EXERCISE DESCRIPTION:
Using the data beneath this instruction, retype only the lines from the one that contains "поличба е, да" down to the one that contains "根據《山東省農業科技轉化促進", both included, exactly as they appear.

DATA EXTRACTS:
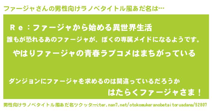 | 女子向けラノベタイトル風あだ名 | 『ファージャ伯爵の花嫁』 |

---

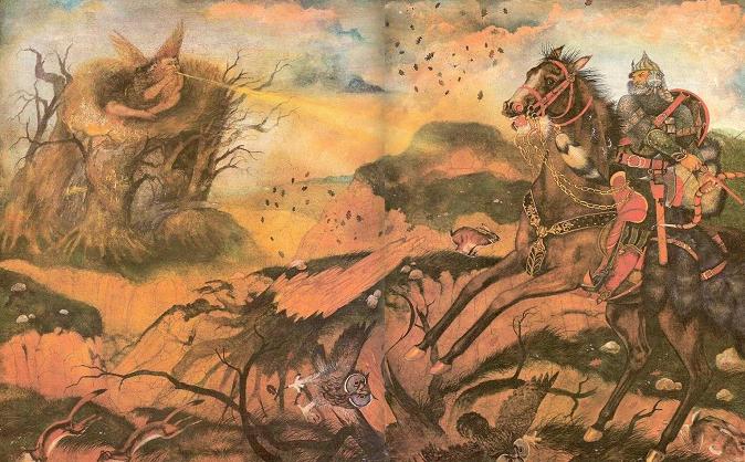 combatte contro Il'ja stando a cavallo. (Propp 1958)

---

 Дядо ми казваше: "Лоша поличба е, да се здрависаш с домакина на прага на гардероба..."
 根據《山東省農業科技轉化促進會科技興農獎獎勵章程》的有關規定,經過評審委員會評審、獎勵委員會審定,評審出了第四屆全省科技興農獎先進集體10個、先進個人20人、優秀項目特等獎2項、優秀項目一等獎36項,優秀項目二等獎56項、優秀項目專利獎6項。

RESPONSE:
 Дядо ми казваше: "Лоша поличба е, да се здрависаш с домакина на прага на гардероба..."
 根據《山東省農業科技轉化促進會科技興農獎獎勵章程》的有關規定,經過評審委員會評審、獎勵委員會審定,評審出了第四屆全省科技興農獎先進集體10個、先進個人20人、優秀項目特等獎2項、優秀項目一等獎36項,優秀項目二等獎56項、優秀項目專利獎6項。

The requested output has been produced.